* PROBLEM TO WORK ON *
Exactly as they appear below, repeat the lines from the one with "Blédina Pots Purée" through the one with "Indian Ginseng or", and no others.
--- DATASET CONTENT Enclosed Below ---
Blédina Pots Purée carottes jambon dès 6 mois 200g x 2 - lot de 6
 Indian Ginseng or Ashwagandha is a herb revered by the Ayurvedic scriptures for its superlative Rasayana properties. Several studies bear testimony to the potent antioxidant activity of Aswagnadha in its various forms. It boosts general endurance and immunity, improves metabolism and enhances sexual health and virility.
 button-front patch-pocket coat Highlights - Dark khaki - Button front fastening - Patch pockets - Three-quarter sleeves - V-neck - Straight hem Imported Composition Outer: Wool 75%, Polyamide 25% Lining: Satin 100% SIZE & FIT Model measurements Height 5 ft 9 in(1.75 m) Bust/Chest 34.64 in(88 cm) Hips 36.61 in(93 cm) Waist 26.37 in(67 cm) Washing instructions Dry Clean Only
--- End of Enclosed DATASET CONTENT ---
--- DATASET CONTENT Enclosed Below ---
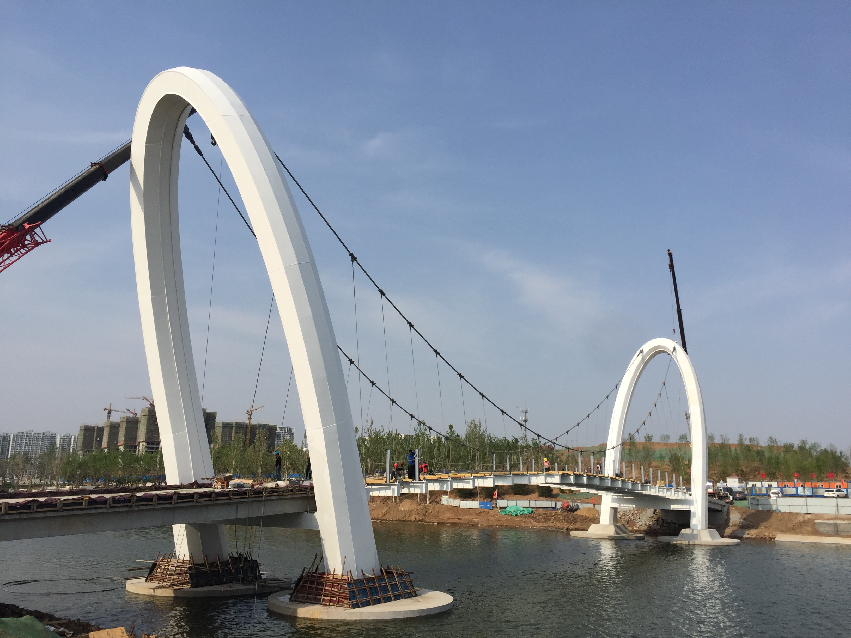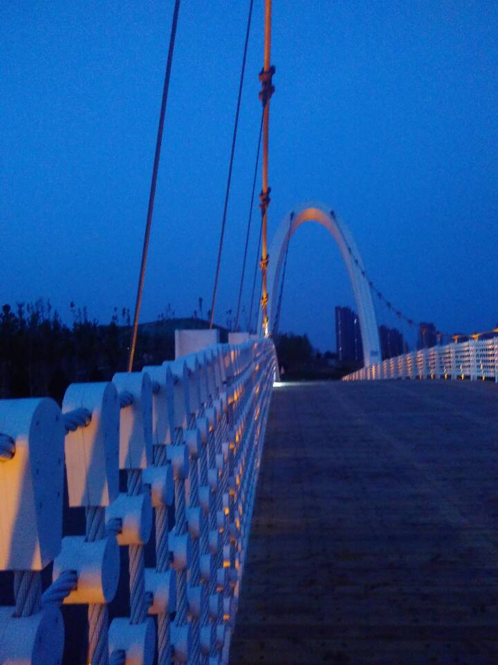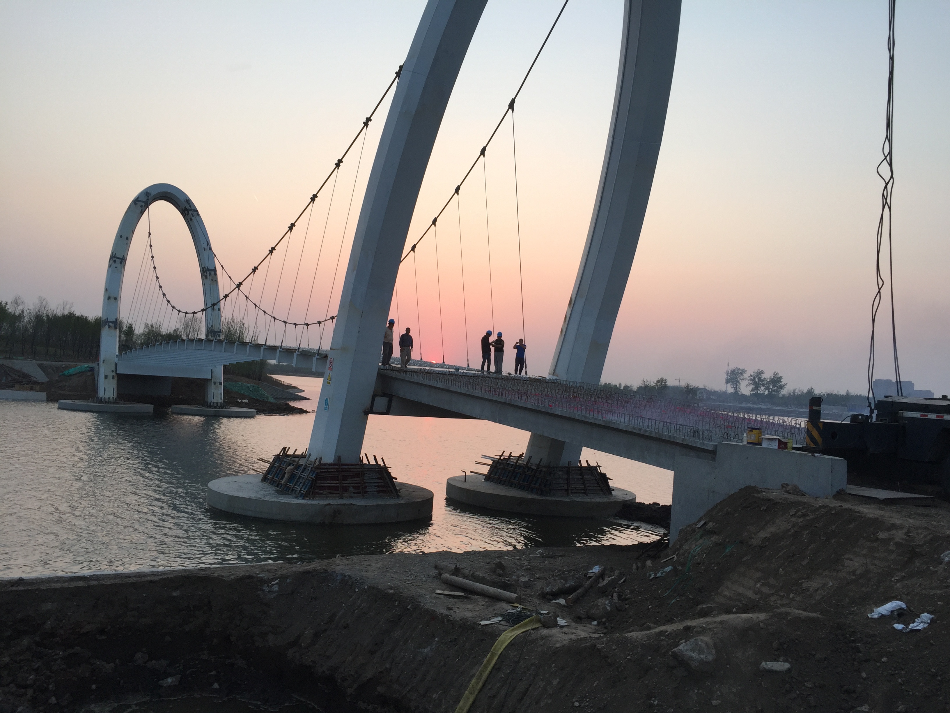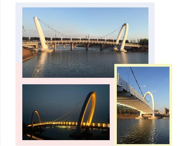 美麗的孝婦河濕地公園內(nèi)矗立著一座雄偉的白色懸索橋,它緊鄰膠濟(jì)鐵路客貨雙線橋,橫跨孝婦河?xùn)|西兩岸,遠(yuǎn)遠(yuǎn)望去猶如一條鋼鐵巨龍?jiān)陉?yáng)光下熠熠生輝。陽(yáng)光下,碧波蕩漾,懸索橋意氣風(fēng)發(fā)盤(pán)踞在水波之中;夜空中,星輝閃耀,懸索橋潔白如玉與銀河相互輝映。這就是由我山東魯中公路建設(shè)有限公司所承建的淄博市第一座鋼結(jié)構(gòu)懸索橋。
--- End of Enclosed DATASET CONTENT ---
--- DATASET CONTENT Enclosed Below ---
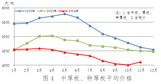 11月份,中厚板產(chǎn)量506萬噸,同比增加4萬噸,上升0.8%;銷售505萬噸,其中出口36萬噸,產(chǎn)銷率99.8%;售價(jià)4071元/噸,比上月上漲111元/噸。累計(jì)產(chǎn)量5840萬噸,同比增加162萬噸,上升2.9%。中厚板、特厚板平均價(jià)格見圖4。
--- End of Enclosed DATASET CONTENT ---
* EXPECTED OUTPUT *
Blédina Pots Purée carottes jambon dès 6 mois 200g x 2 - lot de 6
 Indian Ginseng or Ashwagandha is a herb revered by the Ayurvedic scriptures for its superlative Rasayana properties. Several studies bear testimony to the potent antioxidant activity of Aswagnadha in its various forms. It boosts general endurance and immunity, improves metabolism and enhances sexual health and virility.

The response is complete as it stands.